TSMC: Weak 2019 Demand, but 5nm Set for 2020 Volume Manufacturing
There’ve been a lot of nervous eyes on TSMC of late. Apple’s iPhone sales shortfall bit the company hard earlier this month after it announced an expected 14 percent drop in Q1 2019 revenue relative to the same period in 2018 and that it expected demand to remain weak in the first half of 2019. Following on the heels of reports that TSMC’s 7nm node is running under capacity, the potential for a general semiconductor slowdown has had investors nervously eyeing the company’s sales projections.
At its Q1 conference call this week, TSMC announced some mixed news on that front, but it signaled confidence in its 5nm technology development roadmap. 2019 revenue is only expected to increase by 1-3 percent, compared with 6.5 percent in 2018, as the company clears inventory congestion. There are claims of general slowdowns throughout the industry — DigiTimes reports that rival foundries like UMC, SMIC, Vanguard, and Powerchip have all been cutting their price quotes in a bid to pick up additional business, with prices falling by as much as 20 percent.
SemiWiki reports the following comments from the President and co-CEO of TSMC, CC Wei:
Our N5 technology development is well on track, with customer tape-out schedule for first half 2019 and volume production ramp in first half 2020. We are already in preparation for N5’s ramp. All applications that are using 7-nanometer today will adopt 5-nanometer. In addition, we are expecting the customer product portfolio at N5 and see expanding addressable market opportunities. We expect more applications in HPC to adopt N5. Thus we are confident that N5 will also be a large and long-lasting node for TSMC.
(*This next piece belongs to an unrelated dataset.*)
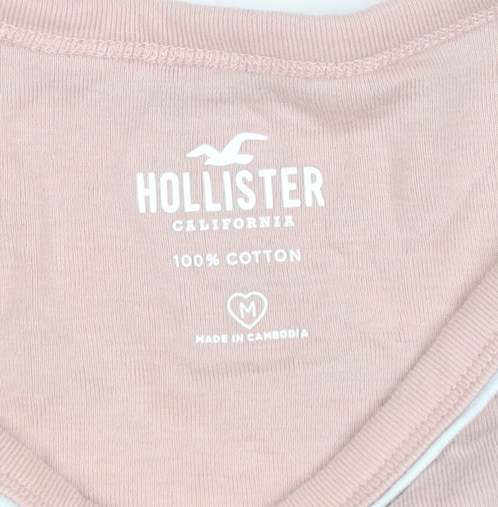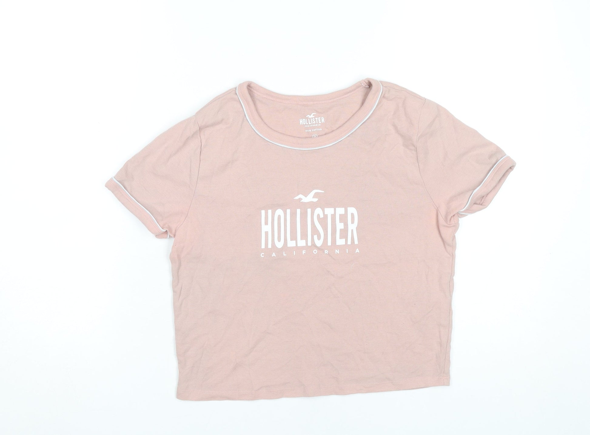 Hollister Women’s Pink Cropped T-Shirt Size M Casual Cotton

It’s interesting to compare TSMC’s revenue splits now with a few years back. First, here’s revenue for full year 2018, split by process node:
Now, here’s the same revenue split (with more granularity at the per-node level) from back in Q1 2015:
In Q1 2015, TSMC’s leading edge node (20nm) was producing 16 percent of its revenue, while its mainstream 28nm node accounted for 30 percent. The remaining 54 percent of revenue was split into older nodes. Now, we see a different pattern. 10nm has fallen to a very small percentage of the overall pie, reflecting its status as a shorter-lived node for the company. But despite being roughly the same age as TSMC’s 28nm node was in Q1 2015, its 16/20nm node combined accounts for less overall revenue, while the share from 7nm is proportionally greater. (TSMC began volume production of 20nm chips in June 2014 and 16nm in August 2015. Volume production of 7nm parts started in July 2018).
All of this dovetails with TSMC’s CEO comments about its customer base for 7nm having already committed to 5nm production. The suggestion here is that the high-end customers who are continuing to adopt the latest and greatest in semiconductor technology have committed to doing so at another node, at least for now. Comments from GlobalFoundries earlier this year suggested that the absolute number of 7nm customers had become a problem for sustaining operations as an independent foundry competing at the cutting-edge. Samsung’s own 7nm announcements have also been relatively light on customers, though rumors have suggested that Nvidia is working with the company on that node and IBM has inked an agreement to build future POWER chips with the Korean foundry.
The major challenge at 5nm will be EUV integration. 5nm is expected to be a key inflection point for the new manufacturing technology. At 7nm, EUV will only be used for contacts and vias, which can be manufactured without the need for a pellicle. At 5nm, EUV will be used more extensively and for manufacturing steps that require a pellicle, a thin, transparent layer that keeps dust particles from landing on a mask. Pellicle design has been a sticking point for EUV thus far, with the best public demonstrations not yet hitting the minimum EUV transparency foundries require. Presumably, TSMC believes it has this problem solved or that solutions will be online by next year.